Currently, thin film modules convert nearly 9% of the sun's total energy into electricity and are on track to reach 10% from the factory. And there is room for continuous improvement to achieve even greater conversion efficiency. For every kW of rated power, thin film delivers more kilowatt hours-up to 10%-than its crystalline silicon cousin, due to substantially greater resistance to losses caused by typical mid-day operating temperature.

Encouraged by State rebates, last year in California, homeowners and businesses had a record 158 megawatts of photovoltaic panels put on despite the recession. Despite a credit freeze that's stunting renewable-energy projects throughout the country, 2008 was a hot year for solar power in California, according to the California Public Utilities Commission .That's more than double the 78 megawatts installed in 2007.

Residential demand appears to be hanging tough in the face of the shaky economy. December saw the largest volume of homeowner rebate requests since the State of California launched the California Solar Initiative program two years ago. Launched in January 2007, the California Solar Initiative is an attempt to push photovoltaics on a mass scale in California to help cut greenhouse gas Emissions and shore up the state's energy supply.

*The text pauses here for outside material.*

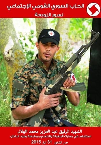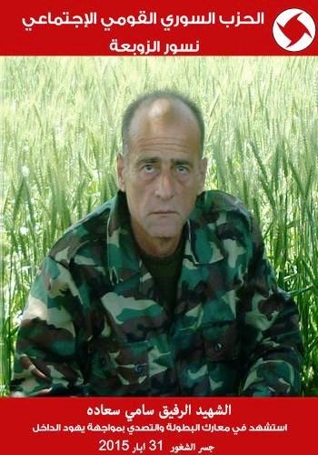 إستشهد الرفيق سامي جبرا سعادة (ناظر تدريب منفذية حمص) و الرفيق عبد العزيز محمد الهلال في منطقة أريحا - جسر الشغور 31-05-2015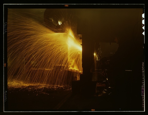 A welder who works in the round-house at the Chicago and Northwestern Railroad's Proviso yard

Mariner 5 is shown in flight. Photovoltaic systems were an important power source for that mission. Solar cells have not only enabled America to explore space, the solar system, and The Earth in great detail, they Also have enabled the emergence of the telecommunications industry.

Wind Energy Generation:

December 12, 2008 Massachusetts-based FloDesign developed a wind turbine that generates electricity at half the cost of conventional wind turbines. The company's design, which draws on technology developed for jet engines, circumvents a fundamental limit to conventional wind turbines. Typically, as wind approaches a turbine, almost half of the air is forced around the blades rather than through them, and the energy in that deflected wind is lost. At best, traditional wind turbines capture only 59.3 percent of the energy in wind, a value called the Betz limit. FloDesign recently raised $6 million in its first round of venture financing. Their turbine design surrounds its wind-turbine blades with a shroud that directs air through the blades and speeds it up, which increases power production. The shroud concept is based on the same principles as a high bypass jet engine design that is used by all commercial jet aircraft engines to reduce noise and significantly improve efficiency. The new design generates as much power as a conventional wind turbine which use blades twice as big in diameter. The smaller blade size and other factors allow the new turbines to be packed closer together in the field compared to conventional turbines, increasing the amount of power that can be generated per acre of land.

From the front, these wind turbines look something like the air intake of a jet engine. As air approaches, it first encounters a set of fixed blades, called the stator, which are common in jet and steam turbines designs used in power generation. They redirect the air onto a set of movable blades, called the rotor. The air turns the rotor and emerges on the other side, moving more slowly now than the air flowing outside the turbine. The shroud is shaped so that it guides this relatively fast-moving outside air into the area just behind the rotors. The fast-moving air speeds up the slow-moving air, creating an area of low pressure behind the turbine blades that sucks more air through them.